You read that right.
Unlike other asteroids, this object — called 'Oumuamua — is cigar-shaped and is twirling through space unlike any mankind has seen before.
"Researchers working on long-distance space transportation have previously suggested that a cigar or needle shape is the most likely architecture for an interstellar spacecraft, since this would minimize friction and damage from interstellar gas and dust," the astronomical group Breakthrough Listen said in a news release.
According to an article in Scientific American, "That would mean it is like no asteroid ever seen before, instead resembling the collision-minimizing form favored in many designs for notional interstellar probes."
"While a natural origin is more likely, there is currently no consensus on what that origin might have been, and Breakthrough Listen is well positioned to explore the possibility that 'Oumuamua could be an artifact," the exploration group, which is funded by billionaire Yuri Milner, said in its release.

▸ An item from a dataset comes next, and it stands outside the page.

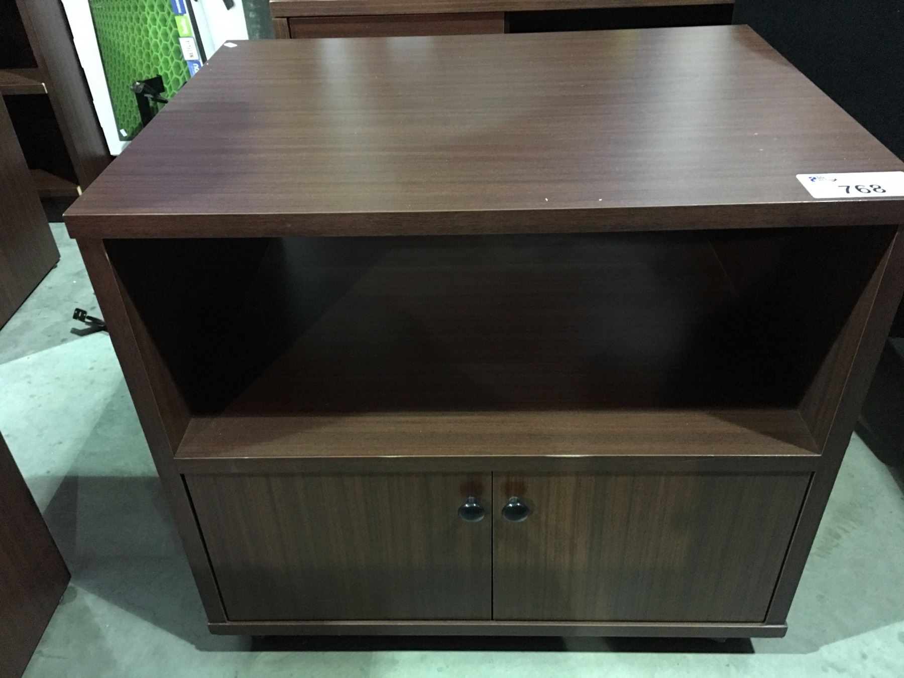 MAHOGANY FINISH OFFICE PRINTER STAND WITH BOTTOM CUPBOARD

Researchers at the University of Hawaii discovered the object in October as it passed earth at about 85 times the distance to the Moon – a stone's throw, in astronomical terms, Breakthrough Listen said in its statement.
The name 'Oumuamua is Hawaiian for "first messenger."

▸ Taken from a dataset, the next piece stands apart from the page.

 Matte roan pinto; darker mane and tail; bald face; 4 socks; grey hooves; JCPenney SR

The object looped around the sun and is now halfway to Jupiter, according to Scientific American, and is getting out of reach of the most powerful telescopes.
'Oumuamua is about is about a quarter of a mile long and 260 feet wide and has traveled at speeds of up to 196,000 mph.
"So far there are few if any wholly satisfactory explanations as to how such an extremely elongated solid object could naturally form, let alone endure the forces of a natural high-speed ejection from a star system—a process thought to involve a wrenching encounter with a giant planet," says the Scientific American article.
On Wednesday afternoon, Breakthrough Listen planned to aim a huge telescope in West Virginia at 'Oumuamua for 10 hours.
"With our equipment ... we can detect a signal the strength of a mobile phone coming out of this object," Milner says. "We don't want to be sensational in any way, and we are very realistic about the chances this is artificial, but because this is a unique situation we think mankind can afford 10 hours of observing time using the best equipment on the planet to check a low-probability hypothesis."